Ilysa watched. And wondered.
Another evening in the Quicksand.
The Elezen man had just sat on one of the stools, arms folding onto the counter as he leaned forward. In the next stool over, Ilysa turned to look in his direction.
The Elezen man turned and looked at her. He studied her features for a long moment, then nodded. “You look well, miss Ilysa.”
“It hasn’t been that long.”
“Maybe not.” He nodded and leaned back onto the counter, staying quiet.
“I heard you’ve met my friend.”
“…Mm.” He shook his head.
“Oh, no? I suppose that red-headed firecracker’s made it all up, then?” A quirk of the brow was joined by an incredulous smirk that crept upon her face.
Hector winced in his seat and lifted his left hand, leaning against it to cracking his neck to the left, then to the right. “Her. Yes.”
“Ah! So you have, then. Good.” She clapped her hands together, grinning.
“She's been after me every single day this past sennight."

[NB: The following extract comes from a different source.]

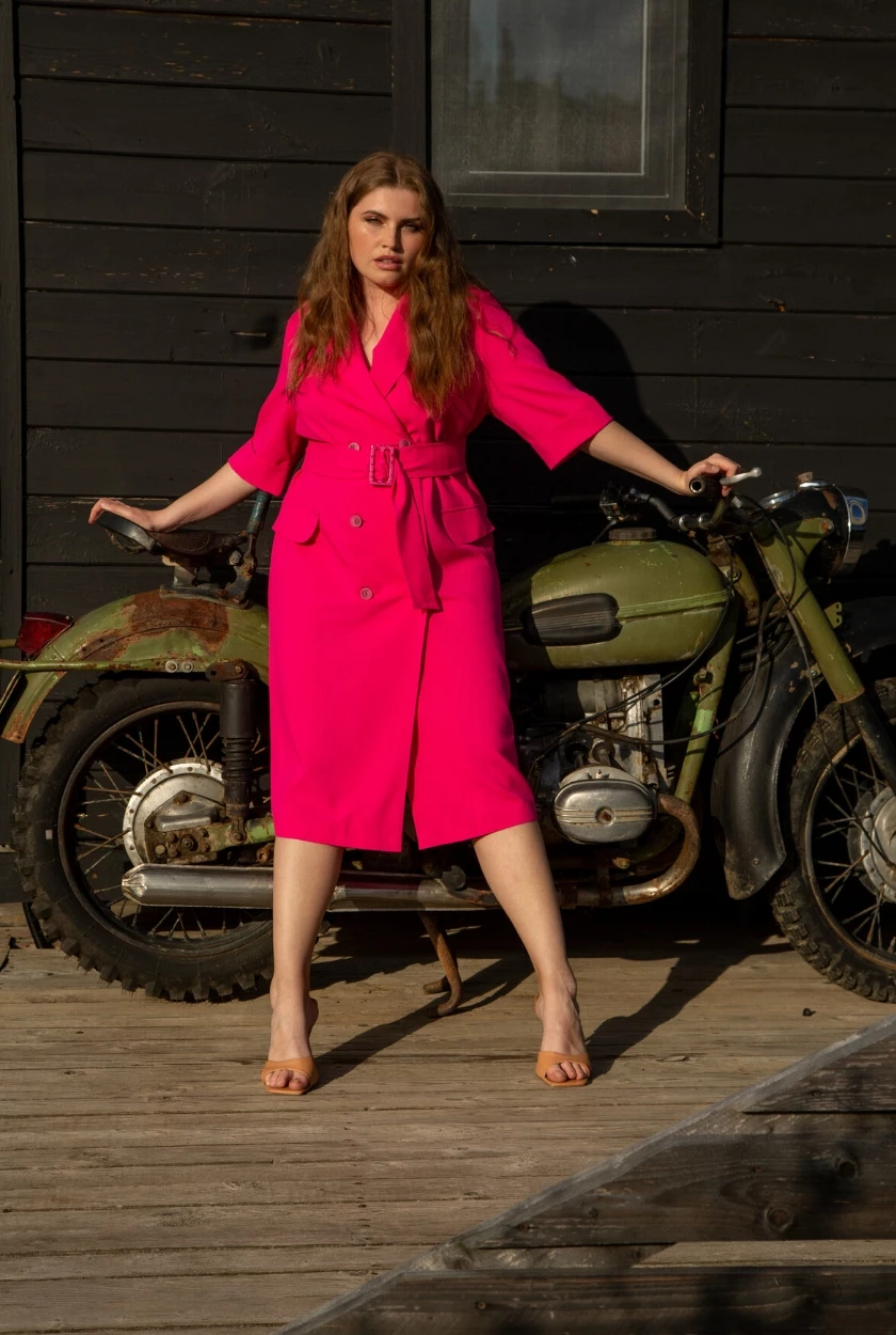Двубортное платье в оттенке фуксия с коротким рукавом

"She's very persistent, isn't she?"
Ilysa reached over and put her hand on his arm. Her grin softened to a smile.
“Please, Hector. She’s aimless right now. She has tried in so many other ways. She has no star to guide her." Her grip tightened. "But you…”
Hector let out a long sigh and turned his head. “I’m no Paladin. You realize this, yes?”
Ilysa’s smile remained. She nodded. “Neither is she.”
Hector’s eyebrows raised for a moment. A woman on the other side of the counter set a frothy tankard in front of him and slid it over to him. He reached out to it and pulled it close, nodding quietly as he gripped it with both of his hands.
She ran as she always did each morning, along the outer rung of the Goblet, quickly dashing up stairs and maintaining a decent pace.
She was not expecting to see the Elezen man from a distance, sat in the open space that she normally used to practice. She couldn’t see any of her friends. She hadn’t seem him in the Quicksand in days. Was she in trouble?
Wait. Were any of them in trouble?
She pulled up a distance away, her jog slowing to a walk as she did, the sword Ilysa had let her borrow strapped to her back. She gave him a serious look, and she felt a knot in her chest catch in her throat as she spoke.
“…Mornin’, Ser... what was it. Endymion of the Fury, yeah?" Her brow furrowed deeper. "Anything I can help you with?”
Hector chuckled and slowly rose to his feet, not bothering to dust himself. “No.”
“Your friend is as stubborn as you.”
Celica’s eyebrows both rose.
“I expect you here every sun at the crack of dawn.” He folded his arms across his chest.
“Let us see what we can make of you.”